こわれて星




今日だってずっと彼ばかりだ。


会っていても会っていなくても、私と彼を除いて回り続ける世界について。あれこれ考えてばかりだ。


思考をストップさせたくて溜め息を吐き出す。それで少しだけ緩和された暑苦しい外に一歩踏み出す。


窓越しだった部活生の声が鮮明になって、ようやく現実味に私を置くことができて、安堵した。見ることができてるって、ちゃんと。


思考の波に溺れるのは夜だけでいい。


正門に向かって10から1つずつカウントをする。そうすれば気持ちの切り替えができるって、誰かの受け売りを実践中。9、8、7。次で6を刻もうとふと顔を上げた。


後悔する。


それで思考は後戻りした。



「なんで、」



なんでいるの。


目立つ髪色が、すこし違う光を帯びて。颯爽と前を歩いている。

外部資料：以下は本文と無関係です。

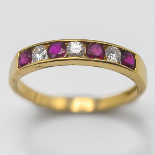 A ruby and diamond half eternity ring, set in 18ct yellow gold, size S, approx 3.4g.
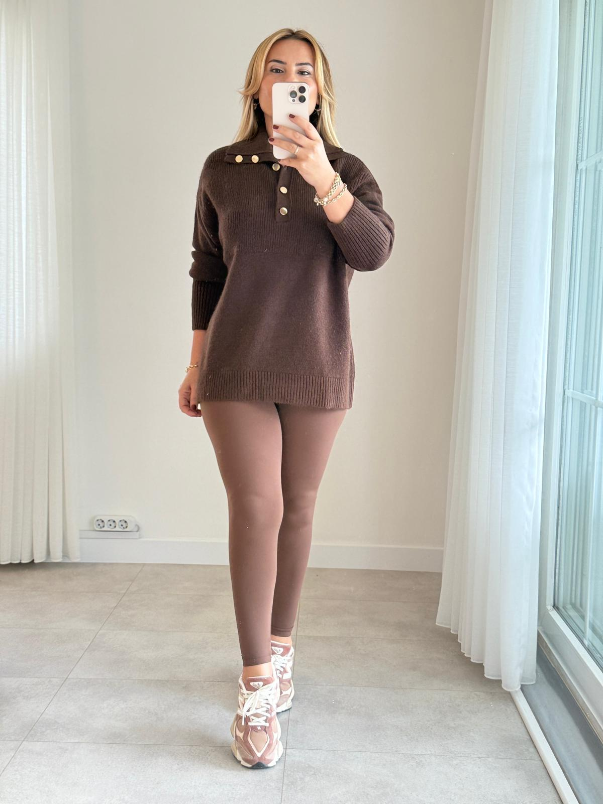 KAHVE DÜĞME DETAYLI TRİKO KAZAK
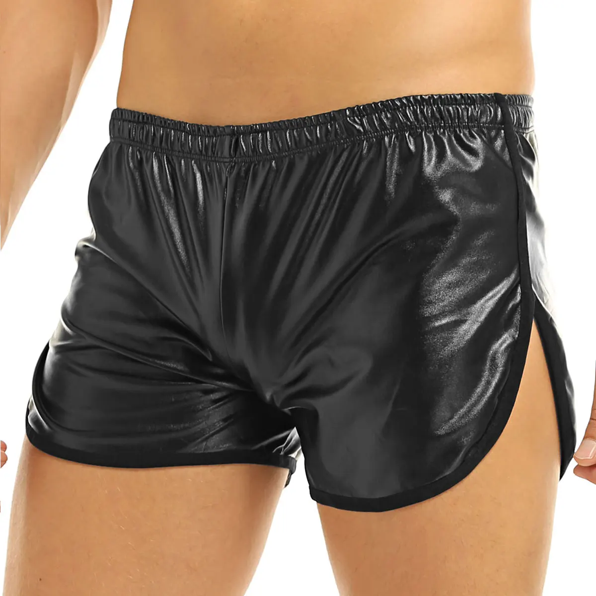 Особенности: Мужские блестящие шорты-боксеры из искусственной кожи, эластичная ткань.

白いシャツの背中が眩しい。



「しらないふりで行くか」



振り返すことがない芽吹の背中に、聞こえないように悪態ついた。でも彼はやっぱり世界でブレずに動かない。


時間帯的に和らぐはずの暑さが定まらず、夕日を逐一恨み続ける。振り返らないで欲しい。私は、私じゃなくなりたくない。


今日は特に。
私じゃない。


7月なんて消えてしまえば。


10、9、8、7。再びカウント始めて。7で止まって、夏を恨む。季節の暑さが増す度に茹だった圧迫感が迫ってくる。


視線ごとぜんぶ、逸らした。


自分の空間認知力に委ねて正門に向かう。部活生の懸命な姿は夏に似合うの、変わらない原理なんだと再確認。


それなら、この焦りは絶対に。



「彗?」



似合わない筈だ。



「っ、」



あからさまに足が止まる。


咄嗟に飛び出た動揺で息をのんでしまった。